Curse (1985) Directed by: Paang Leng

Rila is a woman who's now paying for sins in a past life and marriage after marriage leaves someone dead. Can she battle back against the black magician who's hellbent on making her pay?

Thoroughly dreadful and poorly made, you really need to switch to the C-movie sensibilities to get anything out of Curse. If that's possible, there is a good amount of hokey fun to be had, in particular in regards to the poor, even by Hong Kong standards, animated ghost effects (as laughable as it is, the rape sequences involving the animated ghosts are not pleasant). The opening is a frantic piece of work as well, feeling more like a finale and therefore is never topped. Kwan Hoi-San co-stars and was a recurring actor in director Paang Leng's short directorial career. Writer of this mess is Sze Ton On who penned several of the Kwan Tak-Hing Wong Fei Hung movies as well as The Magic Blade and Shaolin Mantis for Shaw Brother's.

Buy the VCD at:
Yesasia.com

Curse Of Evil (1982) Directed by: Kuei Chih-Hung

Straight faced absurdism at 78 minutes from Kuei Chih-Hung (The Killer Snakes, The Bamboo House Of Dolls). A cursed family is dropping like flies at the hands of the curse of the Dragon King and some of the ominous signs include the appearance of The Bloody Frogs. Oh and the big, raping slimey worm monster could be considered a sign too. Working with a short time frame, Kuei lets loose quickly and throughout delivers a tuned balance of spooky and absurdly low budget but effective monster effects.
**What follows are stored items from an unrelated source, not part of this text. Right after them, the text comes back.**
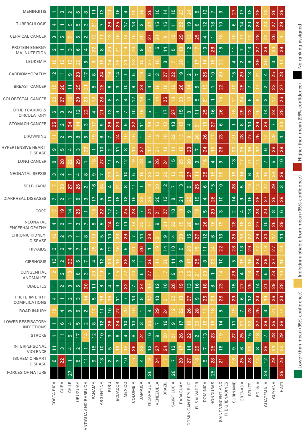
Note: The columns are ordered by the absolute number of YLLs for that particular year. The numbers indicate the rank across countries for each cause in terms of age-standardized YLL rates, with 1 as the best performance and 29 as the worst.
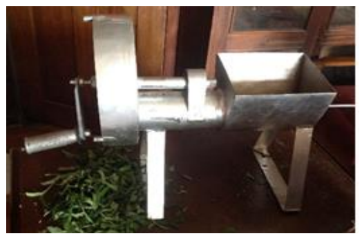
Fig 3. Machine with sliced vegetables

The vegetable slicing machine as designed and manufactured is effective and efficient in its function. Dimensions of 10 samples of the original vegetable leaves were taken before being sliced. Also dimensions of the sliced vegetable leaves from the machine were taken. The experimental results are as shown in Table 2.
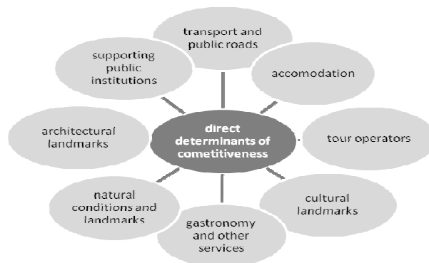
Fig. 1. Direct determinants of tourism competitiveness of a city

providers. What matters is not only their number, but also quality, which is understood as an ability to satisfy client needs (Fig. 1).
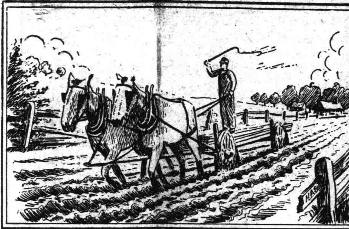
"I'LL BE BACK TONIGHT"

The Cyprus Tigers (1990) Directed by: Phillip Ko & Luk Chuen

Phillip Ko & Luk Chuen decides via cheap means to make the Cyprus atmosphere that is automatically sunny rub off on the tone of the flick therefore. What this means is Hong Kong cops Simon Yam and Conan Lee acting up a clownish storm for 80 minutes + a subsequent 10 is devoted to action, if that. The latter lead grates especially (and comes with the awful name of Climax) as he goes after girls whenever he can, among other places on the nude beach where he's equipped with binoculars. Ending up in a gay porn video along with Yam's character probably doesn't help. A typical counterfeit plot is hatched to actually inject danger into the film but there's rarely any effect when doing anything in The Cyprus Tigers. Family drama comes via a crudely inserted Hong Kong segment where Joey Wong pops up but the minor action elements springs the flick to life a bit. In mentioned Hong Kong part of the film, Joey Wong is thrown between car hoods extensively and the fighting/gunplay finale offers up some fast paced intensity. Watch out for the black bodyguard of Phillip Ko's acting like an ape in a very dumb, politically incorrect and shamelessly amusing bit. Robin Shou also appears.